Available data |
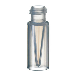 300 µL clear polypropylene vial only, 100/pk. 12 x 32mm overall dimensions with clear 300 µL conical polypropylene insert. For any LC or GC autosampler with a 12 x 32mm rack. Decrease the needle stroke by 3-4mm to prevent needle damage. Requires cap 220-97331-27 with non-slit PTFE/silicone septa, cap 220-97331-28 with pre-slit PTFE/silicone septa, or PE septumless cap 220-91521-12. Note that the septumless cap is a thin membrane and NOT resealable after punctured by the autosampler needle. For multiple injections from the same vial, a cap with a PTFE/silicone septum is recommended. Replacement for 220-91521-05.
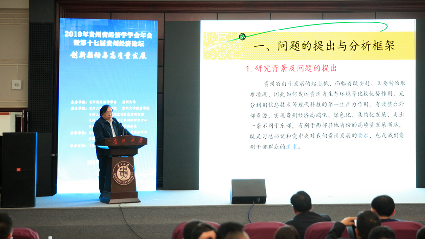2019年10月19日,2019年贵州省经济学学会年会暨第十七届贵州经济论坛在36365线路检测登录入口东区行政楼1号报告厅隆重召开。本次会议由贵州省经济学学会和36365线路检测登录入口联合主办,36365线路检测登录入口、36365线路检测登录入口经济学院、36365线路检测登录入口喀斯特地区创新发展研究院、36365线路检测登录入口喀斯特地区发展战略研究中心以及36365线路检测登录入口校友总会36365线路检测登录入口分会联合承办。此次会议的主题为“创新驱动与高质量发展”,吸引了来自省内外创新学者、政企创新实践者、科研院所相关领域人员300余名。与会代表共商创新驱动模式打造贵州经济发展新引擎,谋求新时代经济与社会的高质量发展。
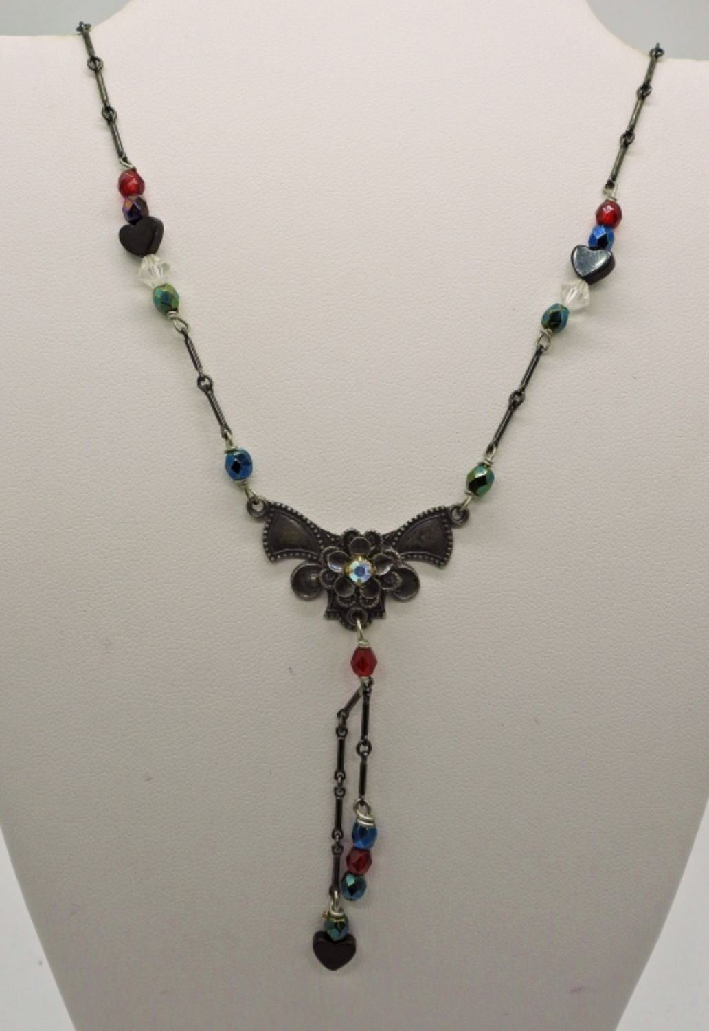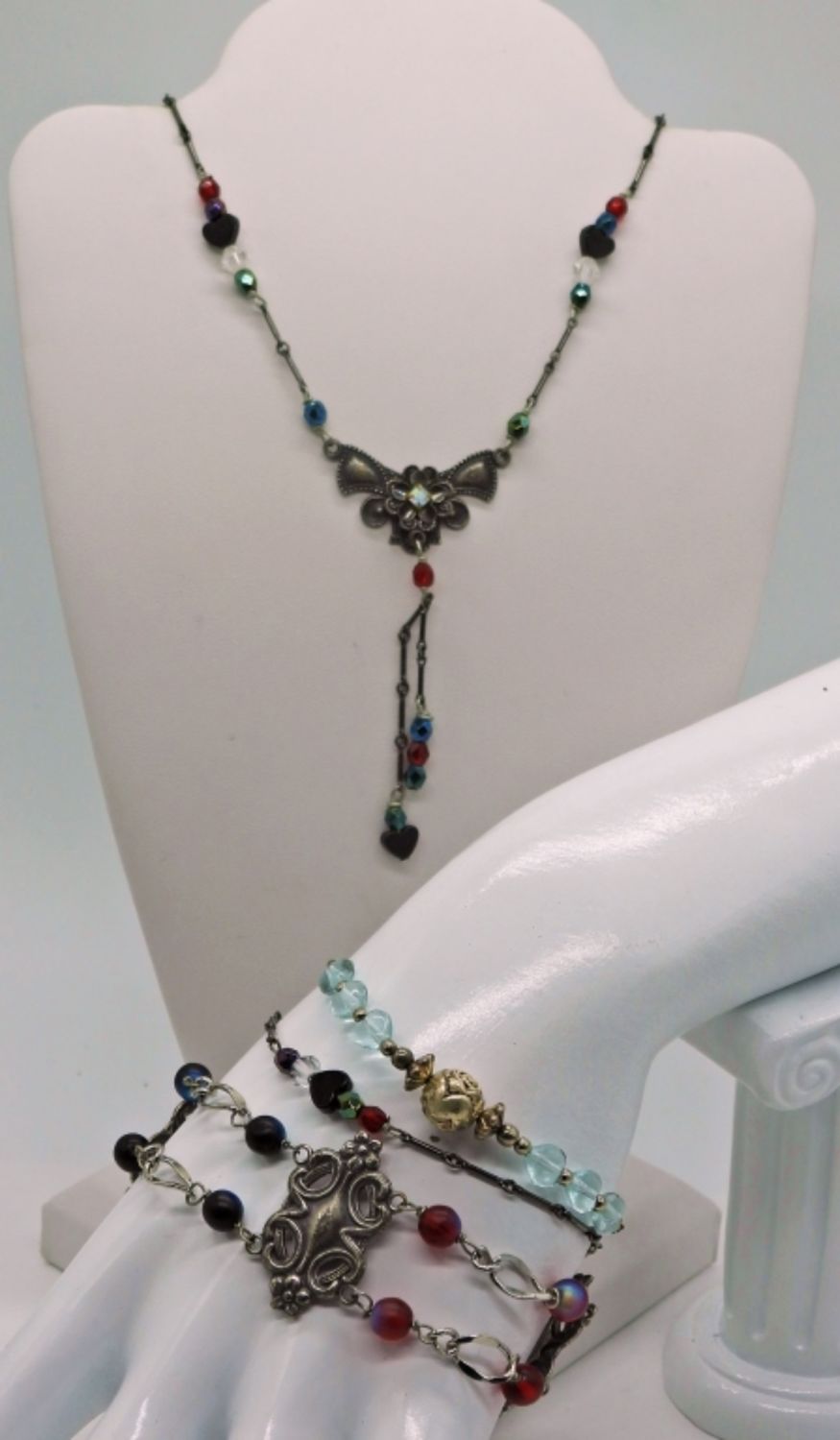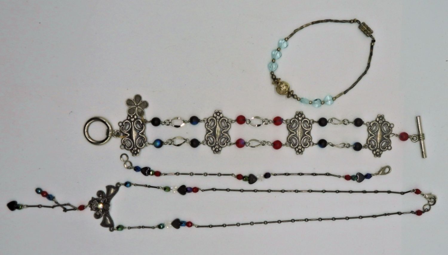Silver Tone Black and Red Beaded Necklace with 2 matching Bracelets. One Silver tone & Light Blue Beaded Bracelet.
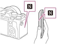 - Тази маркировка показва точката на докосване за свързване на фотоапарата със смартфон с включена NFC функция.

Assignment |
Beginning with the line above that contains "2019年10月19日,20" and ending with the line that contains "Silver Tone Black", quote each line exactly, keeping out the pictures.

Expected output |
2019年10月19日,2019年贵州省经济学学会年会暨第十七届贵州经济论坛在36365线路检测登录入口东区行政楼1号报告厅隆重召开。本次会议由贵州省经济学学会和36365线路检测登录入口联合主办,36365线路检测登录入口、36365线路检测登录入口经济学院、36365线路检测登录入口喀斯特地区创新发展研究院、36365线路检测登录入口喀斯特地区发展战略研究中心以及36365线路检测登录入口校友总会36365线路检测登录入口分会联合承办。此次会议的主题为“创新驱动与高质量发展”,吸引了来自省内外创新学者、政企创新实践者、科研院所相关领域人员300余名。与会代表共商创新驱动模式打造贵州经济发展新引擎,谋求新时代经济与社会的高质量发展。
Silver Tone Black and Red Beaded Necklace with 2 matching Bracelets. One Silver tone & Light Blue Beaded Bracelet.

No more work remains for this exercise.